[Given records]

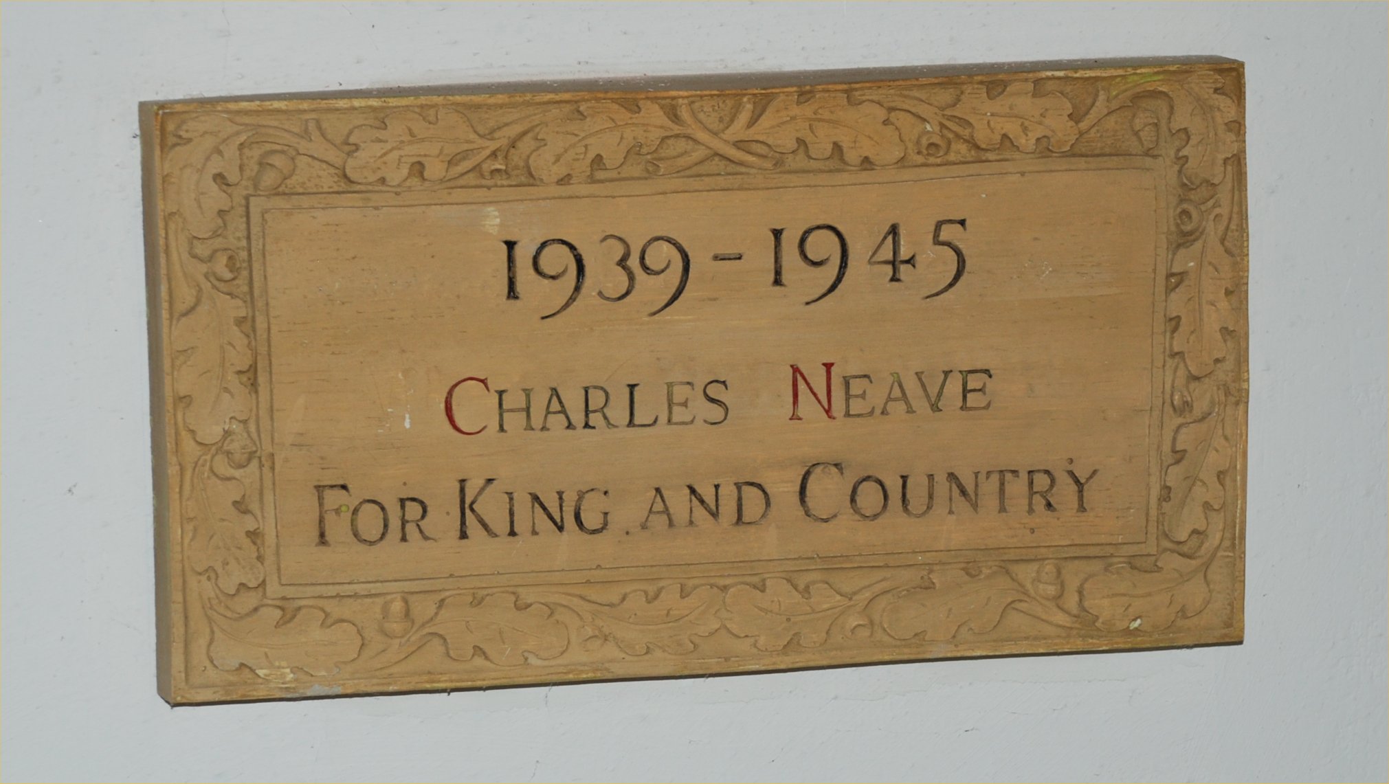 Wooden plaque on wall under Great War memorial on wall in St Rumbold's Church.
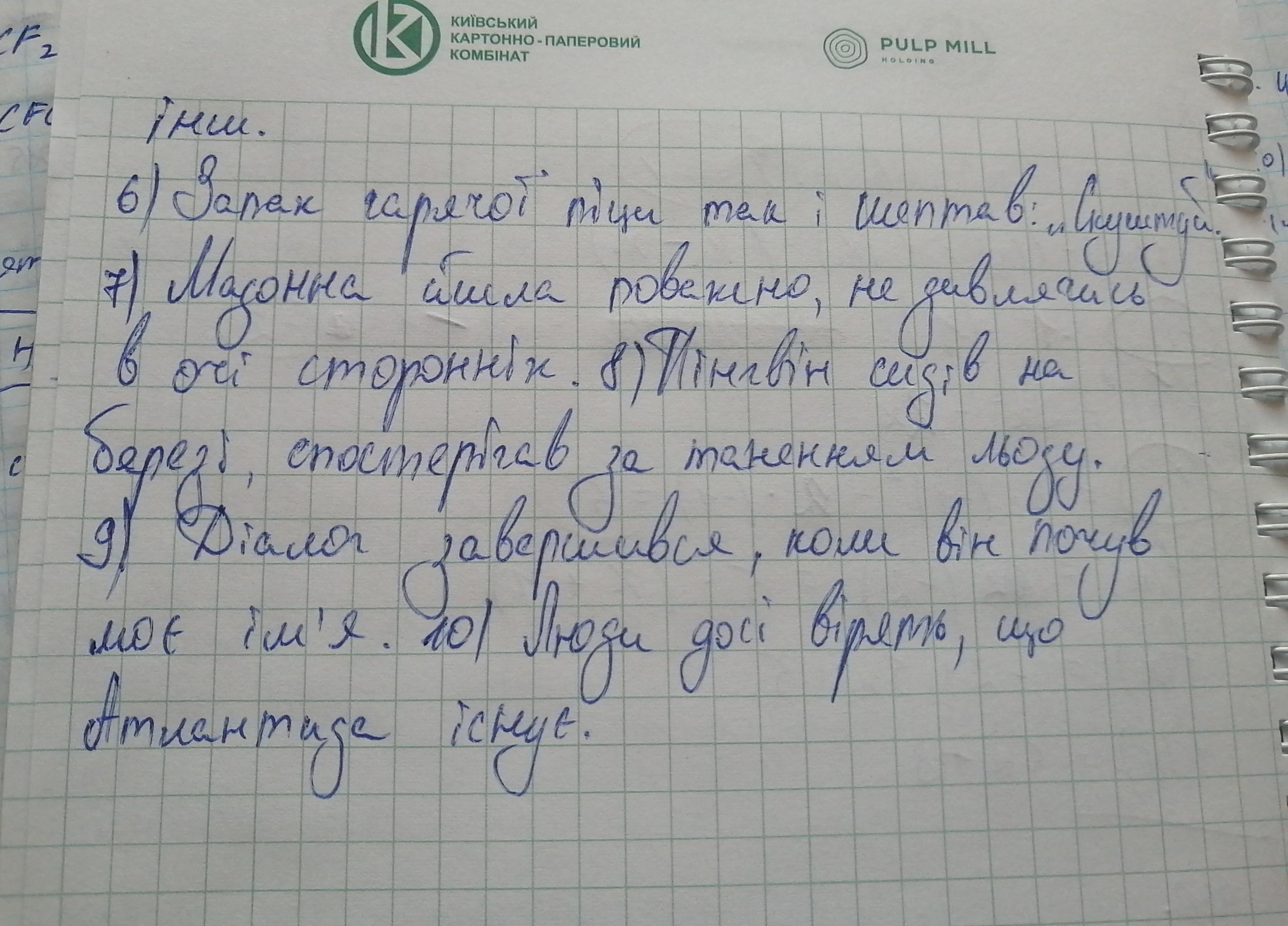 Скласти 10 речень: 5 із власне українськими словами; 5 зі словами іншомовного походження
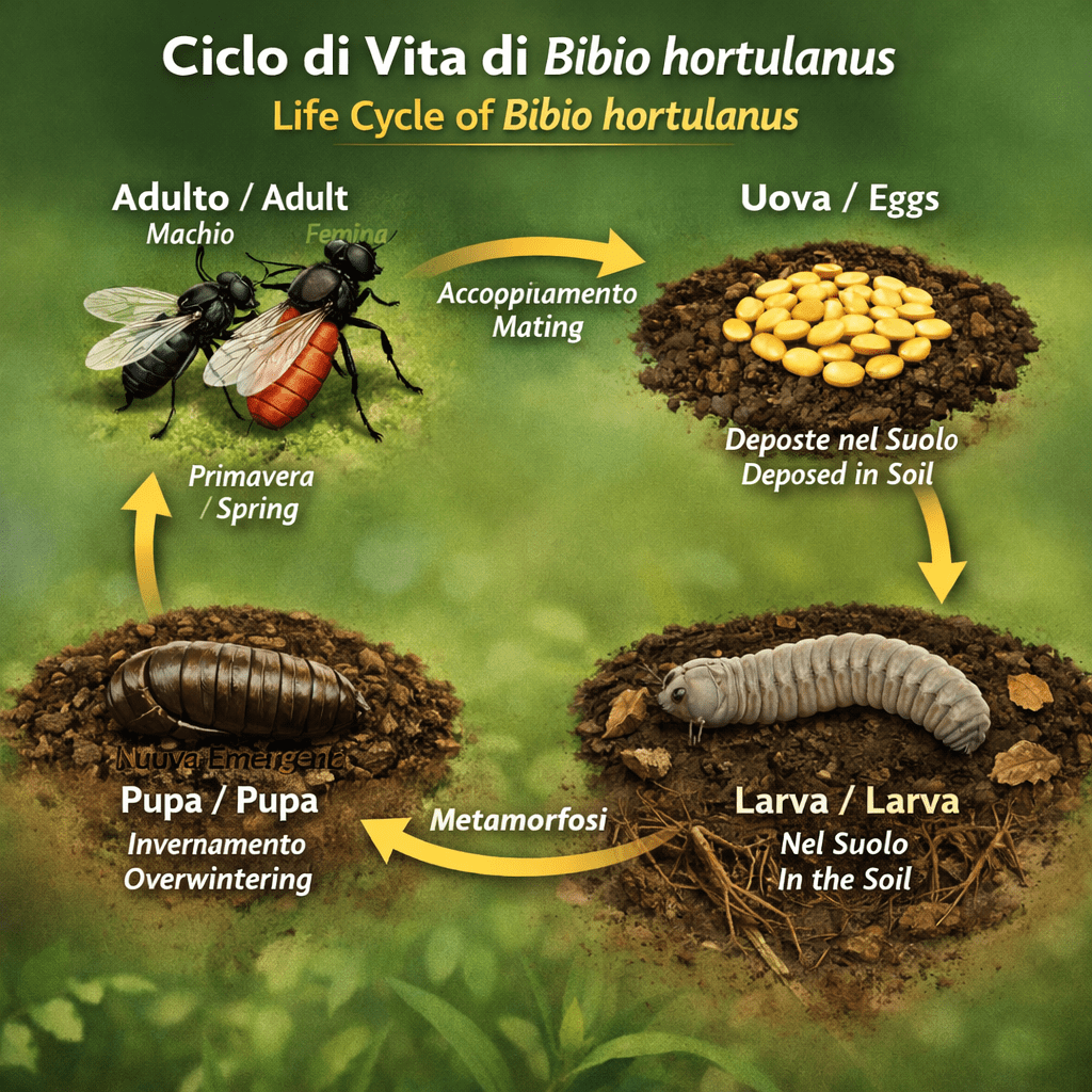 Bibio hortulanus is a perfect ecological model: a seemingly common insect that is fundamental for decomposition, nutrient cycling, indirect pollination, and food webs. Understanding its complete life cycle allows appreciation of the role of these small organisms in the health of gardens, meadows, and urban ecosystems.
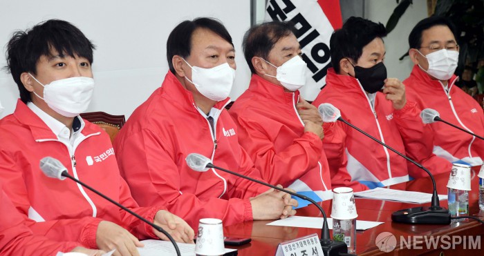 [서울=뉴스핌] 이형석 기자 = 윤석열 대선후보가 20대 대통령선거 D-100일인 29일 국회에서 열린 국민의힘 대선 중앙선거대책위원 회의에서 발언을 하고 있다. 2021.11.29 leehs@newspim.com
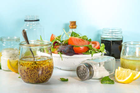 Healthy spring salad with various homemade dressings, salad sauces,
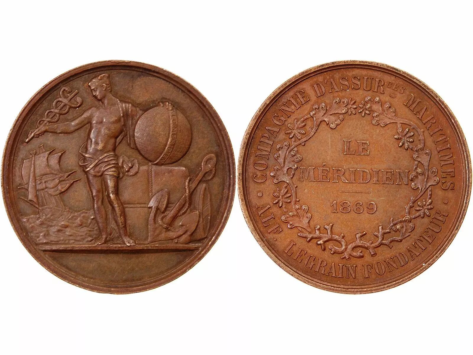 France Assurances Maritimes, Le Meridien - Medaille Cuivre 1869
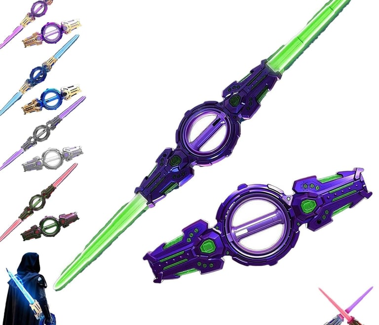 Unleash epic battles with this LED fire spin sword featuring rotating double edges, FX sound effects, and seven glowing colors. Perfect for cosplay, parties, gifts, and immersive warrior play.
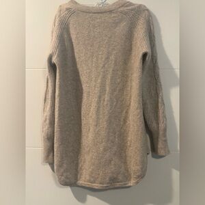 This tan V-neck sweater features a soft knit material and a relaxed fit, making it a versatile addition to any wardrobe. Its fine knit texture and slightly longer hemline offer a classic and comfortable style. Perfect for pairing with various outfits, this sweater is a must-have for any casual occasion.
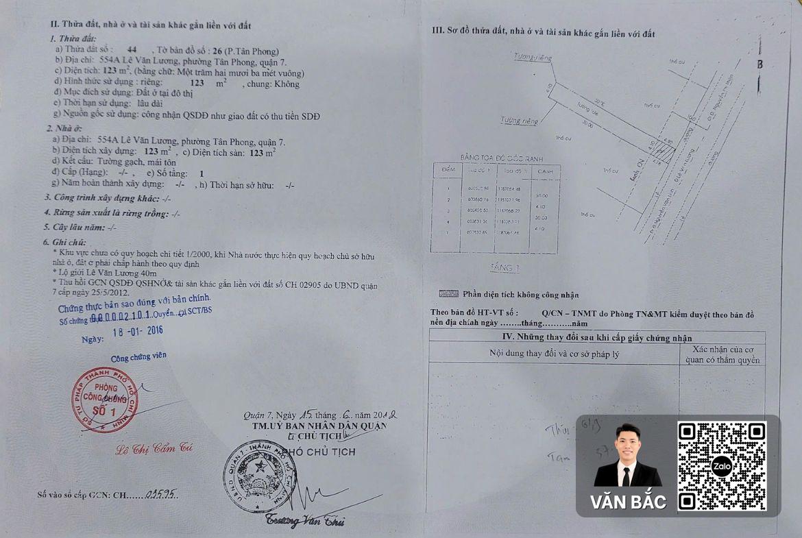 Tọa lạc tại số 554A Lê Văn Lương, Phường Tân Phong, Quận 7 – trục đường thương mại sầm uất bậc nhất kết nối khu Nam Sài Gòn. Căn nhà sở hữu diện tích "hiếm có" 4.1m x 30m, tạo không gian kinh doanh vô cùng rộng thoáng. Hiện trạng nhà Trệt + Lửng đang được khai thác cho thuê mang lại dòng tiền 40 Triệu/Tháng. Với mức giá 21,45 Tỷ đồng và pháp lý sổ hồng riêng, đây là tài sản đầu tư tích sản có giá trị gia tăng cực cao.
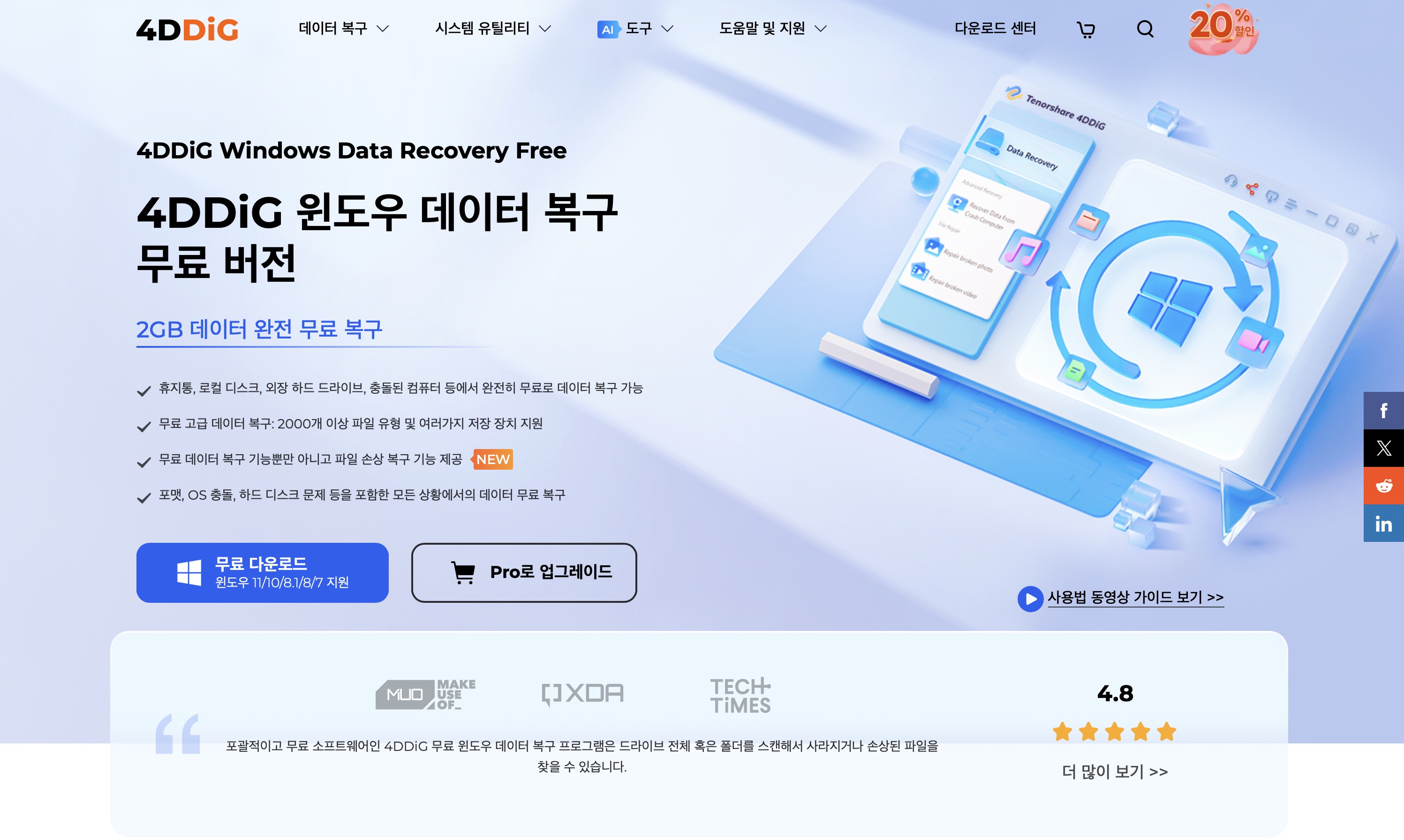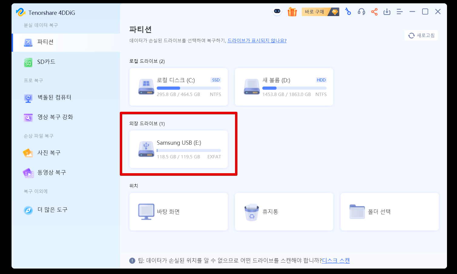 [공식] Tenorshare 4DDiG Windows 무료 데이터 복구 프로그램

[/Given records]

▸ **Task description**:
Reproduce the data above exactly, but only the lines from the one showing "Скласти 10 речень: 5" through the one showing "Bibio hortulanus is", with both ends kept and the pictures left out.

▸ **Output for this exercise**:
 Скласти 10 речень: 5 із власне українськими словами; 5 зі словами іншомовного походження
 Bibio hortulanus is a perfect ecological model: a seemingly common insect that is fundamental for decomposition, nutrient cycling, indirect pollination, and food webs. Understanding its complete life cycle allows appreciation of the role of these small organisms in the health of gardens, meadows, and urban ecosystems.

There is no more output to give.